Astrazeneca has identified anthracycline compounds and antibody-drug conjugates consisting of an antibody covalently bound to anthracycline derivatives reported to be useful for the treatment of cancer.

Merck KGaA has patented substituted bicyclic transcriptional coactivator YAP1/transcriptional enhancer factor (TEAD) and/or TAZ/TED interaction inhibitors reported to be useful for the treatment of cancer.

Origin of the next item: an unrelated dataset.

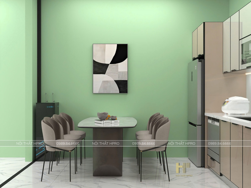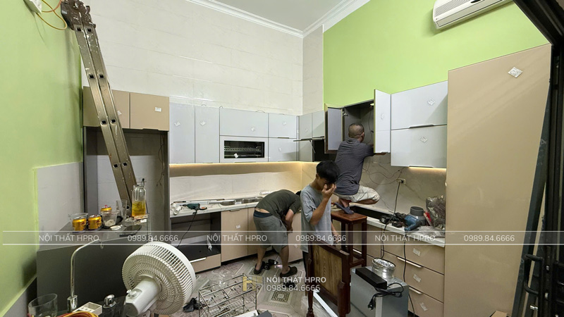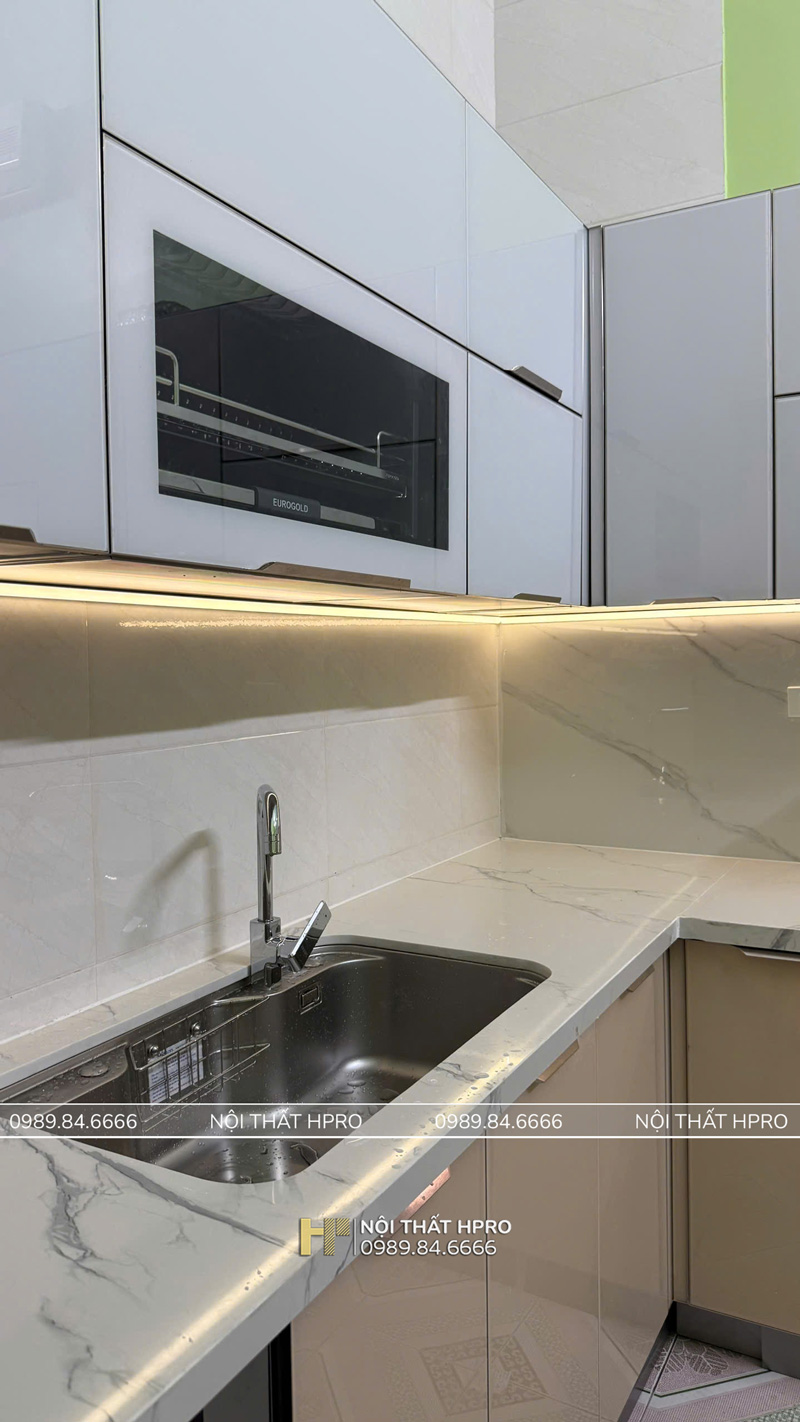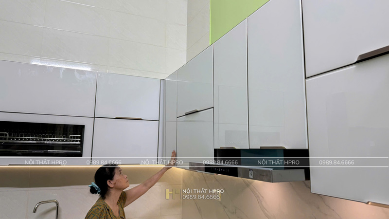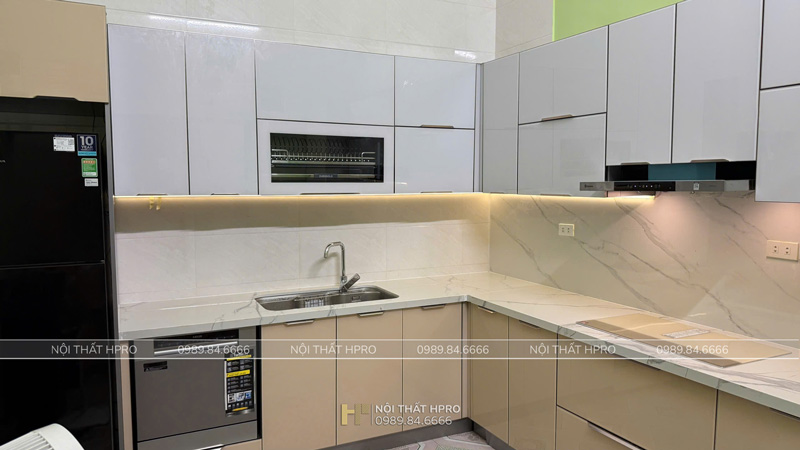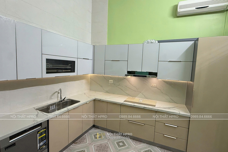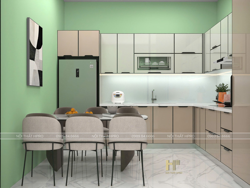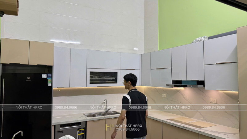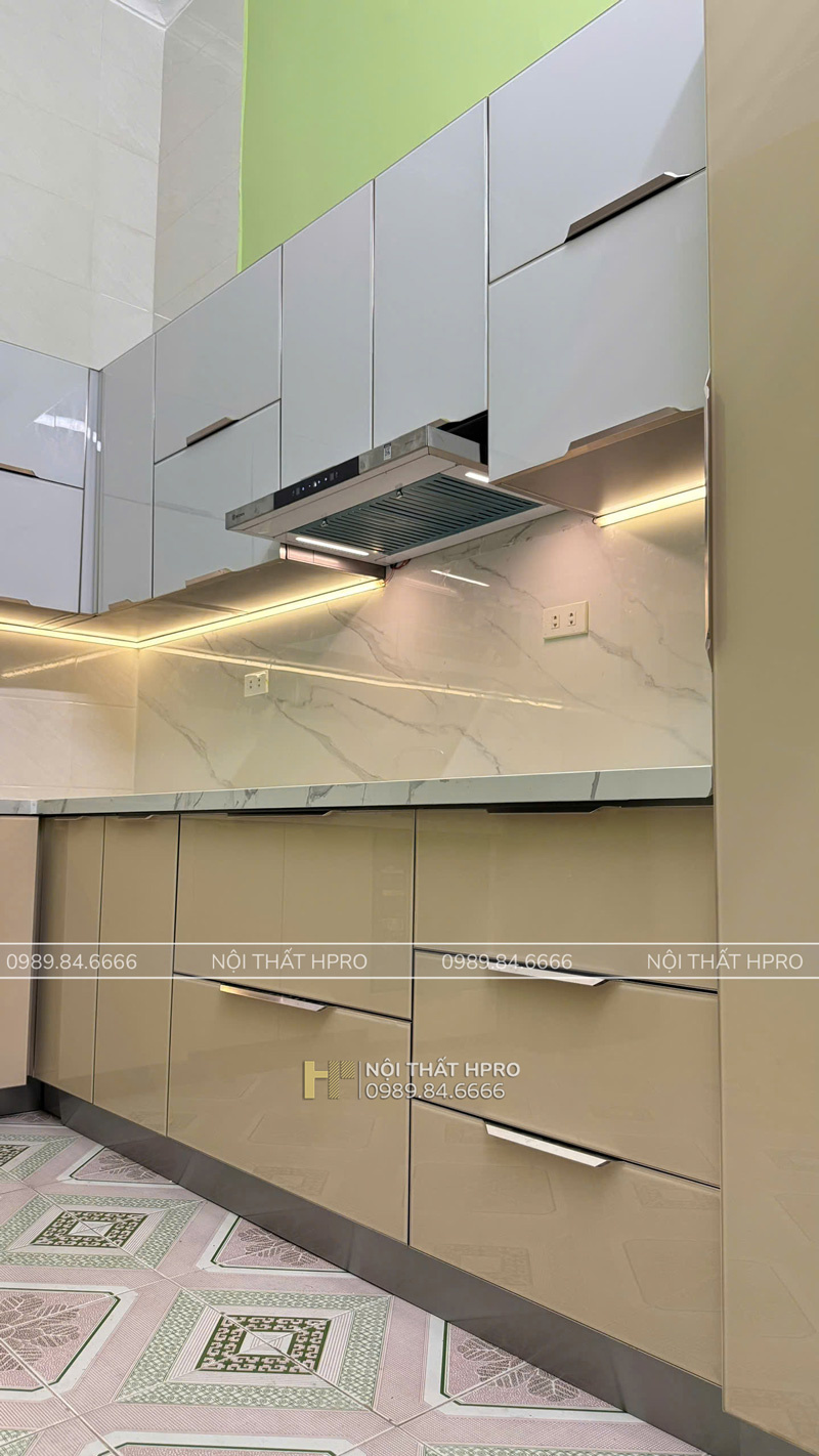 Lại thêm một công trình thực tế Hpro thi công tại Thành phố Vinh - Nghệ An - Chiếc tủ bếp cánh kính tone trà sữa với tủ dưới màu be và tủ trên màu trắng kem, nổi bật trên nền tường màu xanh bạc hà, tạo nên concep rất tự nhiên và dịu mắt.

Previous research revealed that nuclear factor of activated T cells 1 (NFAT1) is a novel regulator of the mouse double minute 2 homolog (MDM2) oncogene, which acts by directly binding to the MDM2 P2 promoter and as such, enhancing MDM2 transcription independent of p53. Researchers from the University of Houston and Baylor College of Medicine presented preclinical data for MA-242, a dual inhibitor of MDM2 and NFAT1, being developed for the treatment of cancer.

Researchers from Sunrock Biopharma SL presented preclinical data on SRB-1, a CCR9-depleting antibody aimed to restore immune homeostasis in patients with inflammatory bowel disease.